SUPPLIED DATA:
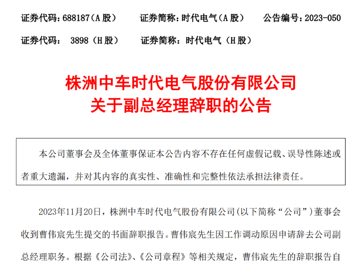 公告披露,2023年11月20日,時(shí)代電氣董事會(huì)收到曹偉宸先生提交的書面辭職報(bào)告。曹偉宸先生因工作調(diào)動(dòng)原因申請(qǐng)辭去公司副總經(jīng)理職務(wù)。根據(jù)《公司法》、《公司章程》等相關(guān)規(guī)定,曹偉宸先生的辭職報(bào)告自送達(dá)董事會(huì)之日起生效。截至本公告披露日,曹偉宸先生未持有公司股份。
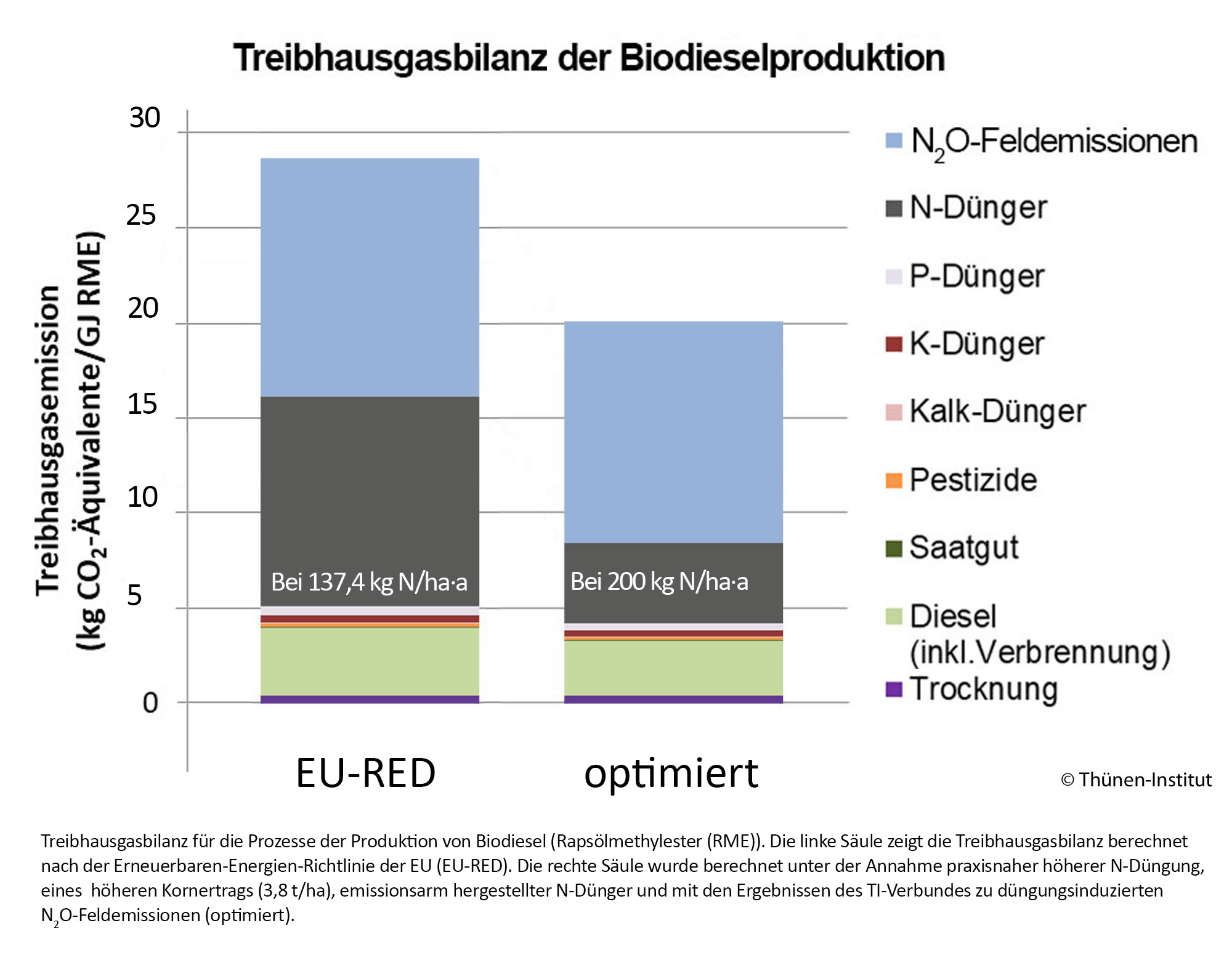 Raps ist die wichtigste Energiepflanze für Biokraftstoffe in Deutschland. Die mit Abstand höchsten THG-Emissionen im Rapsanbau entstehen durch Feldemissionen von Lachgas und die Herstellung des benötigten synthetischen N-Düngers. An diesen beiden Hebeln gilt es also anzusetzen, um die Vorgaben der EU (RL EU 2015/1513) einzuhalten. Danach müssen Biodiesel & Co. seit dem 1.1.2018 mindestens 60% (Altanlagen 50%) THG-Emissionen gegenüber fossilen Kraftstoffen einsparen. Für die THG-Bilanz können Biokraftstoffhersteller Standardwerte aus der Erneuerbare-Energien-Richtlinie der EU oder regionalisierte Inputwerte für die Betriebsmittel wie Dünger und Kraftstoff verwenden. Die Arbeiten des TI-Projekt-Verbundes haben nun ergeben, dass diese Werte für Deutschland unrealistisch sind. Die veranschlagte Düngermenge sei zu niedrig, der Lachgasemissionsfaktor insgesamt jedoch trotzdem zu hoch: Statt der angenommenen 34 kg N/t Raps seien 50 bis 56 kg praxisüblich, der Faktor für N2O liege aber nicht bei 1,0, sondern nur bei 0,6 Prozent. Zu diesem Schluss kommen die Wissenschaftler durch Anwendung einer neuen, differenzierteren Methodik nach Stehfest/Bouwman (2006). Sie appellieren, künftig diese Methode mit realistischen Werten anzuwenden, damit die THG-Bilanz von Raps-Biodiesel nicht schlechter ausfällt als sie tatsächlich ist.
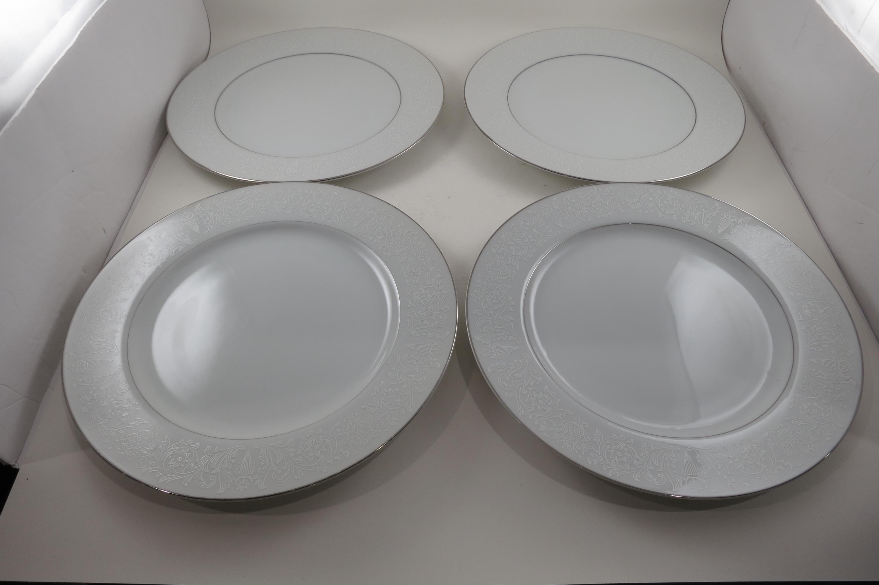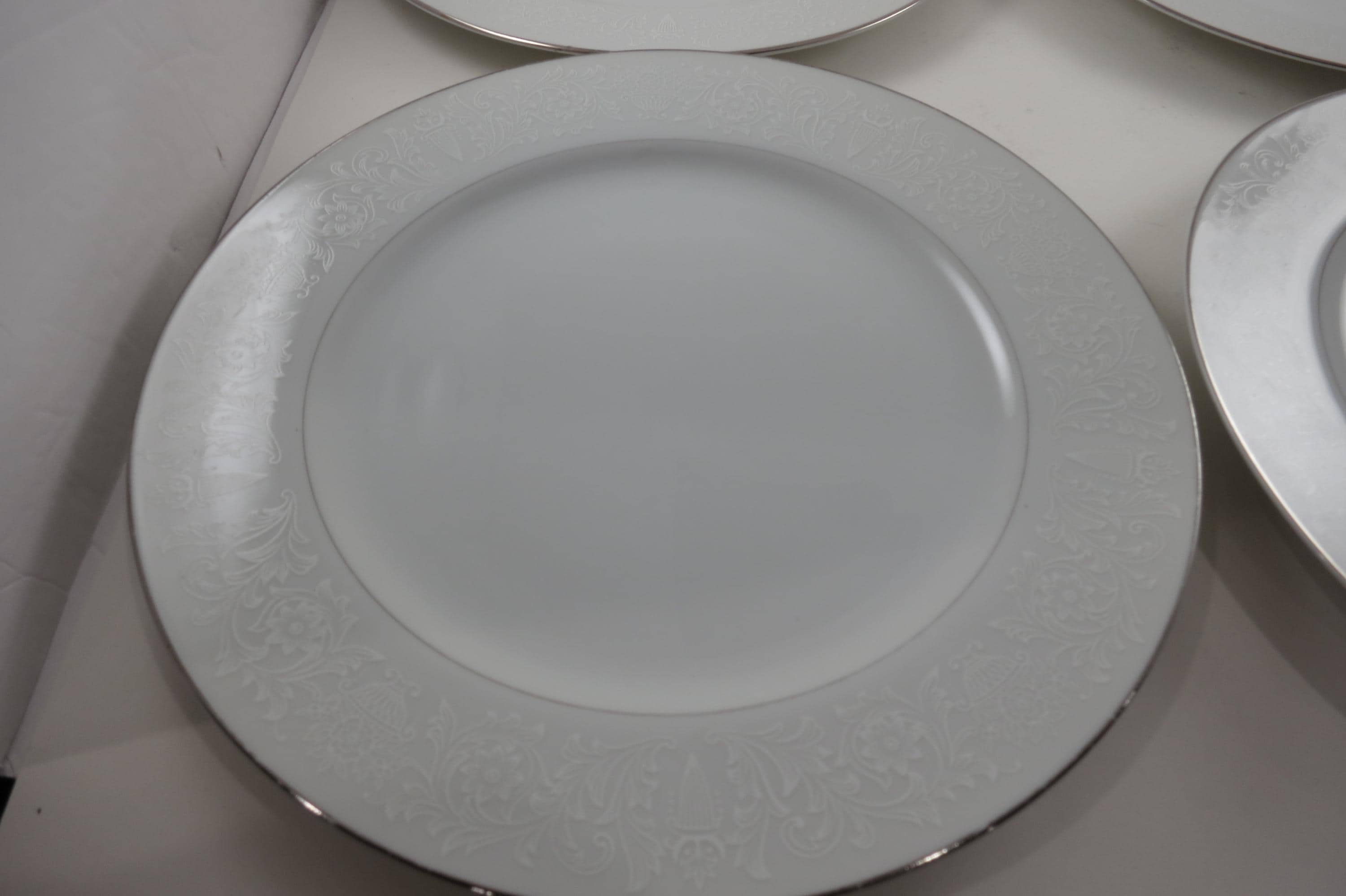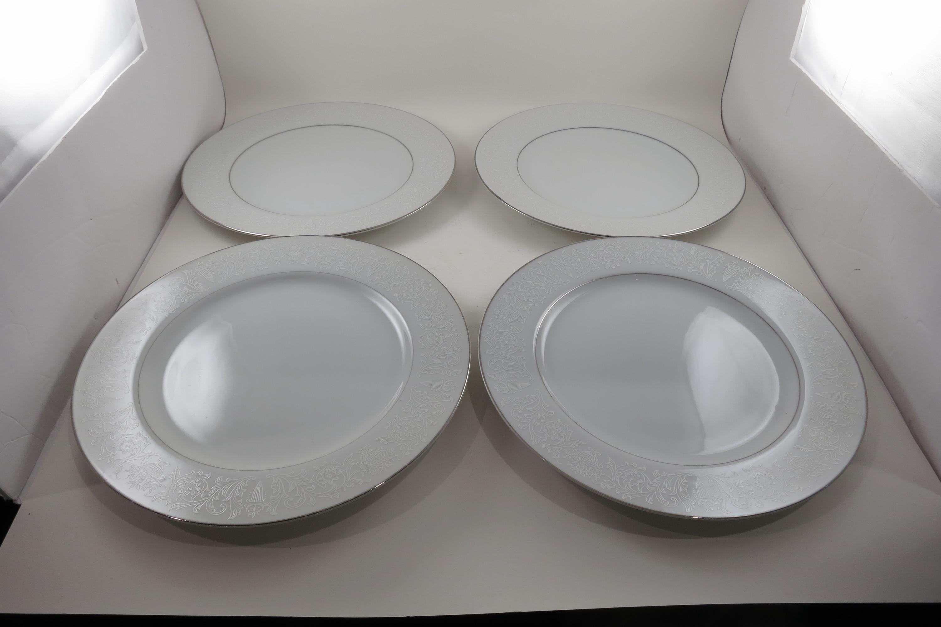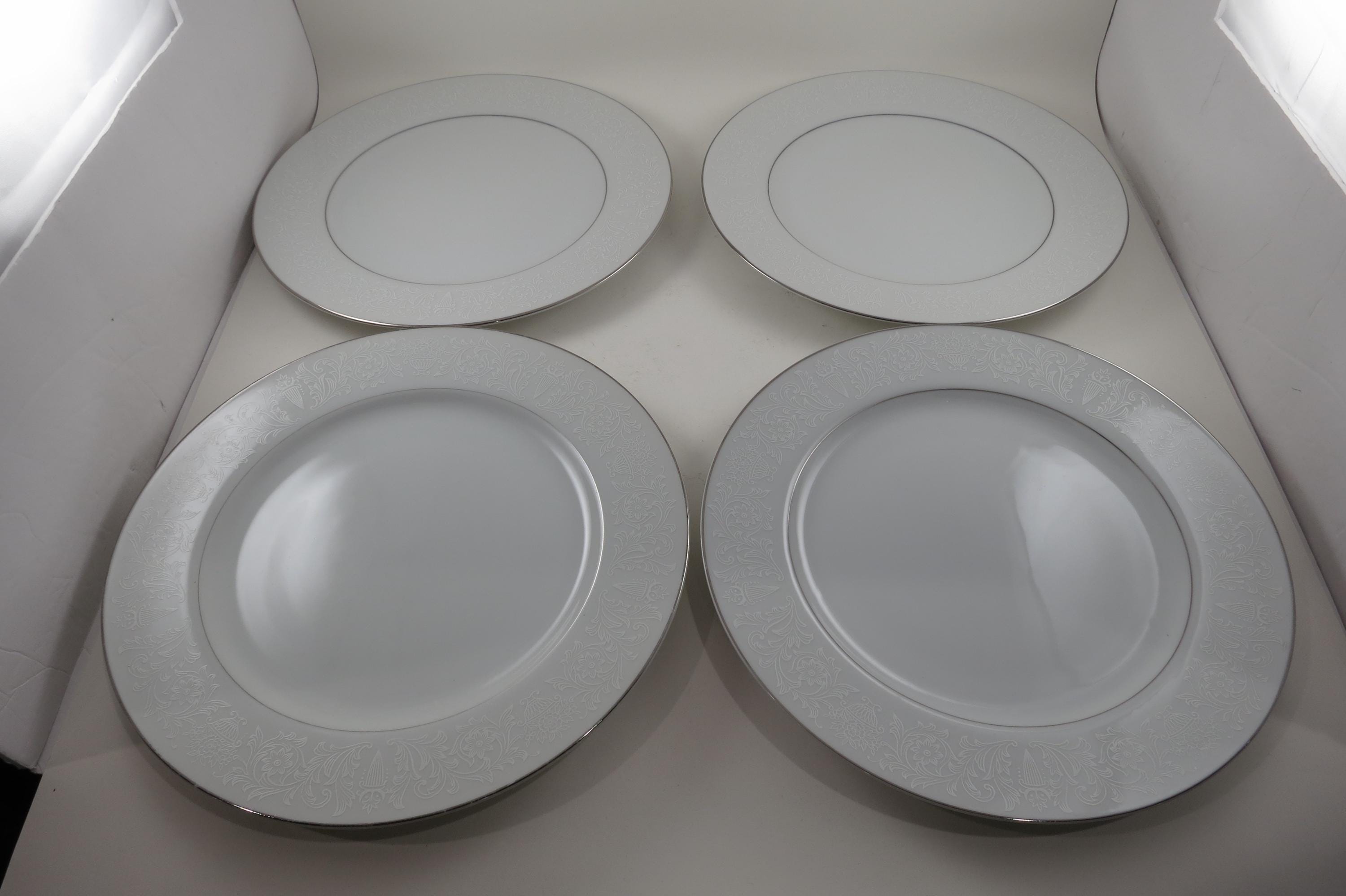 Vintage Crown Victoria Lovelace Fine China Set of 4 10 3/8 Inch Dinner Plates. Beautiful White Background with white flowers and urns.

---

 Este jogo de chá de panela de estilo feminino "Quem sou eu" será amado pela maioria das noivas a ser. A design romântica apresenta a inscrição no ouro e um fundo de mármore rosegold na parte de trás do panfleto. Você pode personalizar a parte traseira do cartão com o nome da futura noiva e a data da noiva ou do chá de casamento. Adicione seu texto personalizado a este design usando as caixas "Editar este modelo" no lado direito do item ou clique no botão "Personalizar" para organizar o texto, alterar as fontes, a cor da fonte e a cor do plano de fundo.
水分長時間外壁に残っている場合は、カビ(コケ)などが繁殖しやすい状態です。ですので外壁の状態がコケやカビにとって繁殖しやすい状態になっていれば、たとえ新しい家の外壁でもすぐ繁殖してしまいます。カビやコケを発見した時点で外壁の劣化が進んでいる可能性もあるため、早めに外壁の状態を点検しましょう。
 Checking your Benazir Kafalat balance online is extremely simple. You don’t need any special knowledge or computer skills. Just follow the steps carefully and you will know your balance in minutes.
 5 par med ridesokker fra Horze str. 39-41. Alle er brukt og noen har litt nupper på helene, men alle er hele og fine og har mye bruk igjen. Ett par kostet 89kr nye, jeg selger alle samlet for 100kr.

...

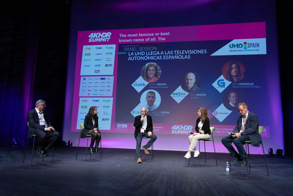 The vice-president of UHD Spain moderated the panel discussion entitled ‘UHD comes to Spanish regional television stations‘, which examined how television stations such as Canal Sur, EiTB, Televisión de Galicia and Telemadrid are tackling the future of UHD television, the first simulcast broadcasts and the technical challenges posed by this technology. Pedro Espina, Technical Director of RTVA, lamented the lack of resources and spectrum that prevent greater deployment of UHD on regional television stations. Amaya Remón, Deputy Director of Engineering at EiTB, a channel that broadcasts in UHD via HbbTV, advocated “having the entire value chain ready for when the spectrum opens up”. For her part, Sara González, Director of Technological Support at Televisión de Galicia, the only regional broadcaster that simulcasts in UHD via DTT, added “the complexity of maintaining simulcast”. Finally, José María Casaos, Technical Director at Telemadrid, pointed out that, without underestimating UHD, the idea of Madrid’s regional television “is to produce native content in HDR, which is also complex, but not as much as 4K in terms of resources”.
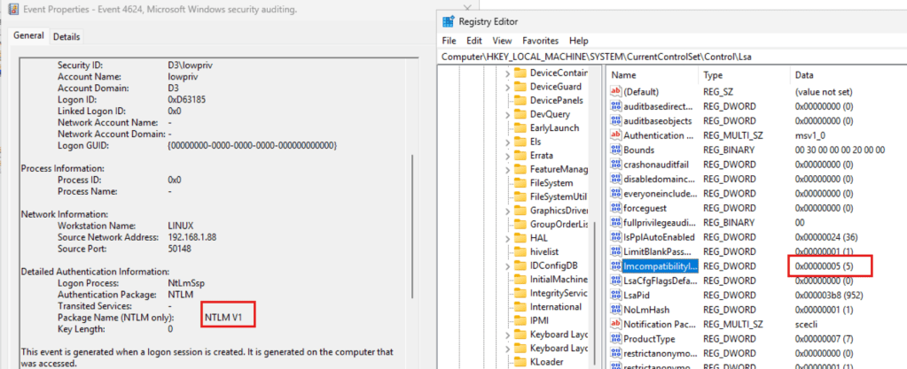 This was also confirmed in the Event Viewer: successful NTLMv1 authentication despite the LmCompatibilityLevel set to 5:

EXERCISE:
Transcribe, word for word, the stretch of lines in the data above from the one with "Raps ist die" through the one with "Vintage Crown Victoria"; omit all pictures.

RESULT:
 Raps ist die wichtigste Energiepflanze für Biokraftstoffe in Deutschland. Die mit Abstand höchsten THG-Emissionen im Rapsanbau entstehen durch Feldemissionen von Lachgas und die Herstellung des benötigten synthetischen N-Düngers. An diesen beiden Hebeln gilt es also anzusetzen, um die Vorgaben der EU (RL EU 2015/1513) einzuhalten. Danach müssen Biodiesel & Co. seit dem 1.1.2018 mindestens 60% (Altanlagen 50%) THG-Emissionen gegenüber fossilen Kraftstoffen einsparen. Für die THG-Bilanz können Biokraftstoffhersteller Standardwerte aus der Erneuerbare-Energien-Richtlinie der EU oder regionalisierte Inputwerte für die Betriebsmittel wie Dünger und Kraftstoff verwenden. Die Arbeiten des TI-Projekt-Verbundes haben nun ergeben, dass diese Werte für Deutschland unrealistisch sind. Die veranschlagte Düngermenge sei zu niedrig, der Lachgasemissionsfaktor insgesamt jedoch trotzdem zu hoch: Statt der angenommenen 34 kg N/t Raps seien 50 bis 56 kg praxisüblich, der Faktor für N2O liege aber nicht bei 1,0, sondern nur bei 0,6 Prozent. Zu diesem Schluss kommen die Wissenschaftler durch Anwendung einer neuen, differenzierteren Methodik nach Stehfest/Bouwman (2006). Sie appellieren, künftig diese Methode mit realistischen Werten anzuwenden, damit die THG-Bilanz von Raps-Biodiesel nicht schlechter ausfällt als sie tatsächlich ist.
 Vintage Crown Victoria Lovelace Fine China Set of 4 10 3/8 Inch Dinner Plates. Beautiful White Background with white flowers and urns.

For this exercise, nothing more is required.